This seems just like IronPort and Voltage's offerings

It's good to know there is competition out there. I hate monopolies.

bedlam wrote: »

27 seconds into the video you linked to above shows that to not be true.
"Encrypted package (decryption key stored on TrulyMail server)"

The other two option are "not encrypted" and "encrypted with a preshared password". The latter of these is the only way you can prevent TrulyMail from decrypting but you still have to securely get the preshared password to your recipient somehow...

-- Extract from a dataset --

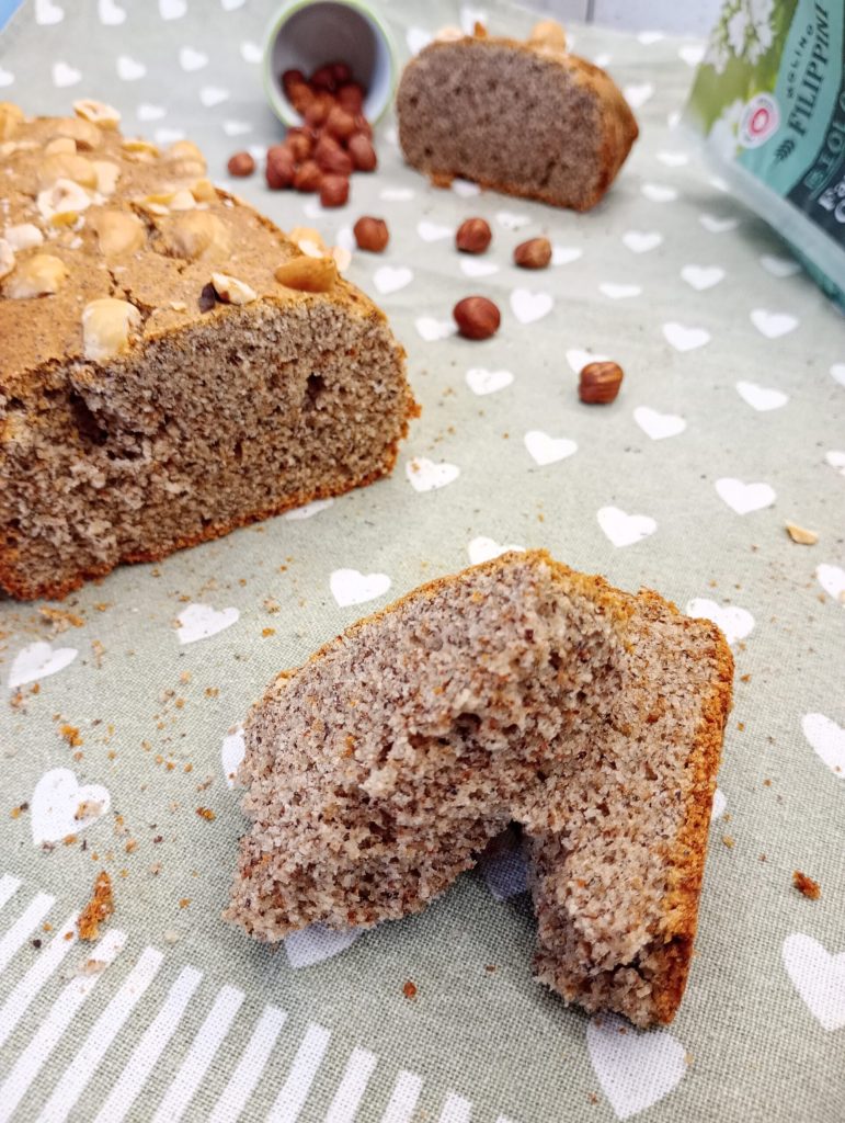 Cake au blé noir est le gâteau de garde-manger parfait pour ton petit déjeuner, une manière idéale de bien commencer la journée. Ce gâteau est parfait aussi pour ceux qui souffrent d’intolérance au gluten, puisque la farine de blé noir n’en contient pas. Cette farine, l’une des préférées, a une saveur et un parfum intenses et rustiques, qui rappellent beaucoup la noisette. Pour cette raison, j’ai choisi d’ajouter une poignée de noisettes sur le dessus. Pour profiter au mieux du cake, je te conseille de le servir tranché avec une fine couche de confiture aux myrtilles : tu vas adorer!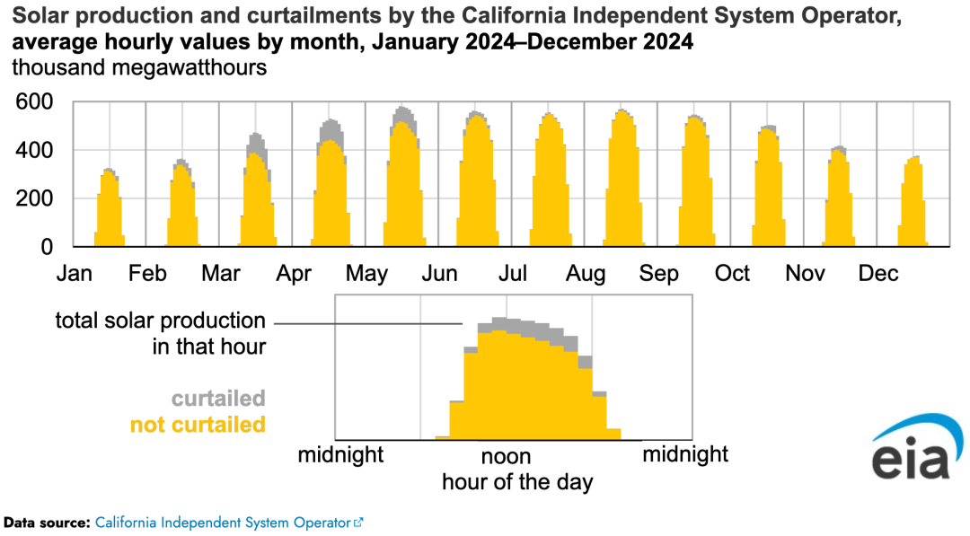 2024 年CAISO 削減了 340 萬(wàn)兆瓦時(shí)的公用事業(yè)規(guī)模風(fēng)能和太陽(yáng)能發(fā)電,比 2023 年削減的電量增加了 29%。太陽(yáng)能占 2024 年 CAISO 削減總電量的 93%。CAISO 在春季削減的太陽(yáng)能最多,當(dāng)時(shí)太陽(yáng)能發(fā)電量相對(duì)較高,而用電需求相對(duì)較低,因?yàn)闇睾偷拇杭練鉁匾馕吨鴮?duì)空間供暖或空調(diào)的需求較少。

Actually there are four ways to send messages with them:

1) TrulyMail to TrulyMail - Encrypted by public keys, private keys only on the client, encrypted message on their server

2) TrulyMail to email (encrypted package) - decryption key on their servers but the content goes through email servers (not theirs)

3) TrulyMail to email (encrypted web msg) - encrypted via AES and a passphrase must be opened in a browser, decryption in the browser, you need to get the passphrase to the recipient

4) TrulyMail to email (unencrypted) - just clear text

It's not magic, it's cryptography (well, except for the last one). I'm pretty sure they never have both the encrypted message and the means (the key) to decrypt the message.

Peter91

bedlam wrote: »

to use this option the recipient needs to also have the TrulyMail software which is Windows only, so is really less useful than GPG/PGP as it's a one OS solution.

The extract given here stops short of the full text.